The % crystallinity is given by:

\[ \mathbf{\text{% crystallinity} = \frac{\rho_c (\rho_s - \rho_a)}{\rho_s (\rho_c - \rho_a)} * 100} \]

(1) Write a function that calculates the percent crystallinity of a branched polyethylene sample \(\rho_s\) that has a density of \(0.925\ 𝑔\ 𝑐𝑚^{-3}\) . The density of a totally amorphous material \(\rho_a\) is \(0.870 \ 𝑔\ 𝑐𝑚^{-3}\) and the density of a totally crystalline \(\rho_c\) material is \(0.998 \ 𝑔\ 𝑐𝑚^{-3}\) .

(2) Calculate the sample density \(\rho_s\) versus % crystallinity and reproduce the plot below (including the horizontal lines and text). To find the equation for the sample density use the solve commands from sympy to solve the above crystallinity equation for \(\rho_s\). An example of using solve can be found in this lesson.

(3) Export your data to an excel file.

../_images/04_2114_prob_1.png

4.4.2. Problem 2:#

Write a function that finds “x” random points in a square of edge length 2 centered at (0,0). Determines how many of these points are contained in a circle of radius 1 centered at (0,0).
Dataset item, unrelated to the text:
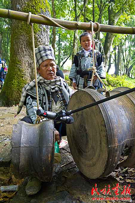 銅鼓是彝族倮家人心靈的號(hào)角,有銅鼓的地方就有倮家人。伴隨著古老的銅鼓聲,倮人開(kāi)始慶?!笆w菜節(jié)”

Returns the value \(\left(4\times \frac{\text{pts in circle}}{\text{total num pts}}\right)\). Plot the value \(\left(4\times \frac{\text{pts in circle}}{\text{total num pts}}\right)\) versus number of points, x. Your x should vary between 100 and 1e6. Also include a horizontal line at the value of pi on your plot.

4.4.3. Problem 3:#

Import the csv file “titanic.csv” and (a) determine the percentage of woman that survived and the percentage of men that survived and (b) determine the average ticket price (Fare) for those that survived versus those that did not survive. 0 = did not survive. 1 = survived.